KILPECK : CHURCH OF ST MARY & ST DAVID
(HEREFORDSHIRE)
Church Post Code HR2 9DB
Open to Visitors
Visited March 2026


It was a fine and sunny spring morning in March 2026; an early start to the day for what was to be a trip that I had looked forward to for many years, the destination being Kilpeck in Herefordshire. According to Google Maps it was 152 miles from my house to the west of Peterborough. We were heading there by car but Google suggested that I could have cycled it in 14 hours; which appears to be highly optimistic but will remain untested.
The church of St Mary and St David at Kilpeck was described by Pevsner as being ‘one of the most perfect Norman churches in England’. Kilpeck itself is a small village that can be found some eight miles to the south west of Hereford, around five miles on the English side of the Welsh border. This is a small, peaceful village, with the parish as a whole, including neighbouring hamlets, recording a population of 475 at the time of the 2021 census.
There is a great deal of history here; with it being suggested that there was a Roman courtyard to the north east of the churchyard. The village was mentioned in the Domesday Survey of 1086 with no church or priest mentioned at that time in lands owned by King William.
There was a castle here, which was situated close to the west of the church which was built around 1090. This was of some importance with King John staying here three times between 1211 and 1214. The castle fell in to decline after the Black Death in 1348/49 and was recorded as being in ruins in the 1530’s. There was also a Benedictine monastery here alongside the church from the 12th century which was abandoned in 1422.
This must have been a beautiful sight, with castle, Priory and church all standing together with the village being prosperous. However the Black Death and three years of famine affected the area greatly with the church remaining in its original form with no finances there to increase the church in size.

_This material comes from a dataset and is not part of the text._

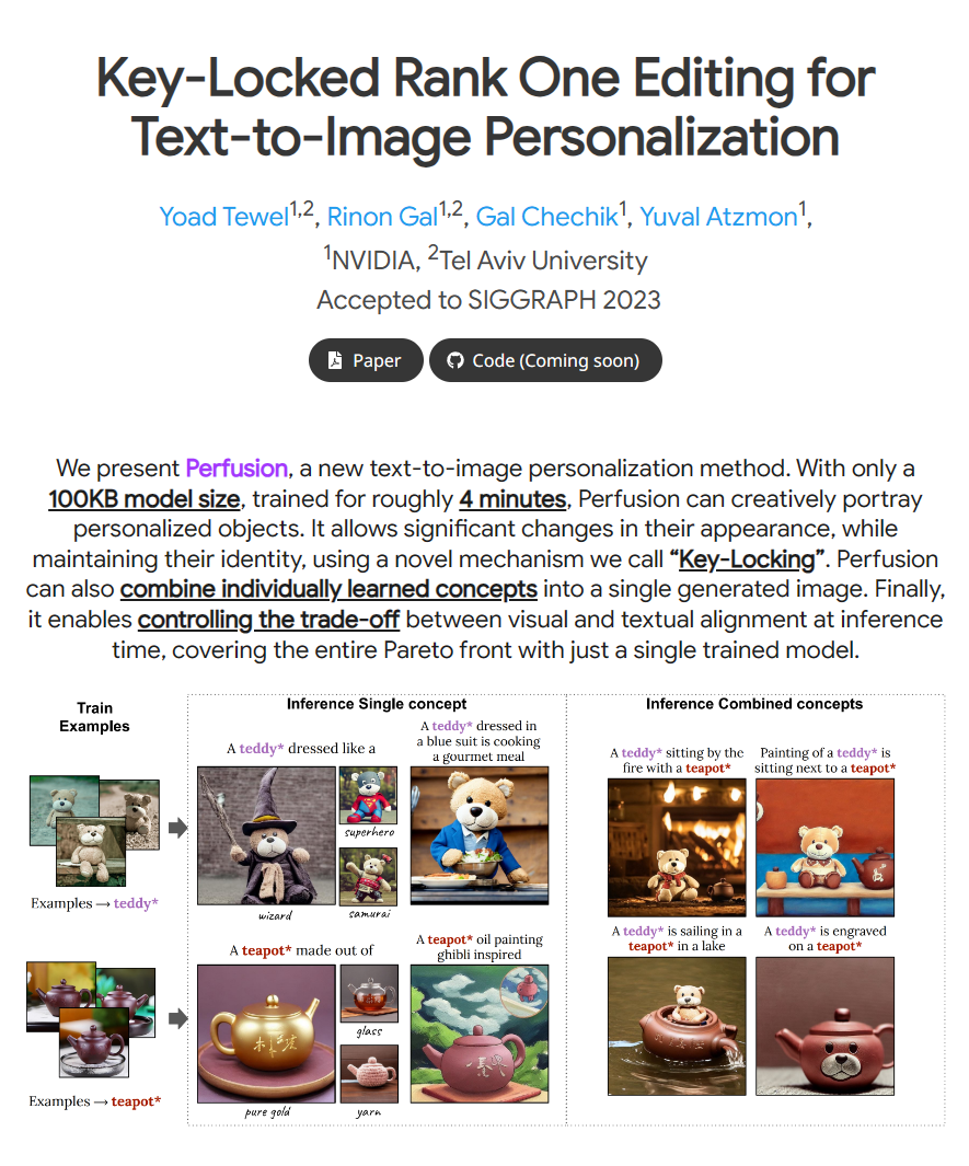 目前,NVIDIA仅在官网发布了Perfusion模型的相关论文,但官方已经承诺,将很快将该模型的代码发布。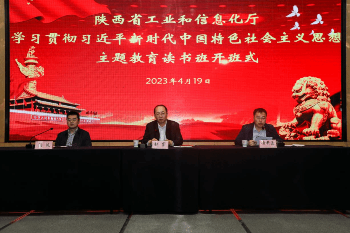 4月19日上午,陕西省工业和信息化厅学习贯彻习近平新时代中国特色社会主义思想主题教育读书班开班。读书班深入学习贯彻习近平总书记在主题教育工作会议上的重要讲话精神,全面系统学习习近平新时代中国特色社会主义思想,牢牢把握“学思想、强党性、重实践、建新功”的总要求,着力推动主题教育高标准开局、高质量开展,努力在以学铸魂、以学增智、以学正风、以学促干方面取得实实在在的成效。受厅党组书记、厅长陈忠委托,厅党组成员、副厅长、一级巡视员赵东动员讲话,厅党组成员、副厅长黄新波主持开班式,厅党组成员、副厅长刘波出席。

The church of St Mary and St David stands isolated a little to the north of the village; standing on raised ground. It is thought that the church was built around 1140, but it is suggested that there would have been a Saxon church here before that time; with mention of a religious site of some kind here back as far as 640AD.
Immediately on leaving the car on arrival there was a real sense of peace here and videos of the exterior were filmed to the constant background of birdsong; a solitary plane the only evidence of the outside world. It will never happen as this was a one off trip, but I would like to be in the church grounds here early in the day listening to the dawn chorus and also to be here at the end of the day; listening to the birds as they get ready for roost with a pleasing mental image of sitting in the grounds on a warm summer evening, a short time away from the world and its stresses, a cold drink in hand, listening to thunder rumbling off in the distance.
The church that we see today is a fairly basic structure of nave and chancel with rounded apse. A bellcote rises up at the west end, which houses two bells; there are no porches with the visitor entering in through a south door. Structurally the church is pretty much as it would have been when it was built in the 12th century with the exception of a window and door on the south side being added during the 14th century. An old engraving also shows that there was once a small window on the south wall that lines up with the balcony at the west end; this having been bricked up at some point.
There was Victorian restoration here in the 1840’s and the 1860’s when the apse was refaced and several periods of more recent restoration but the structure is pretty much unaltered.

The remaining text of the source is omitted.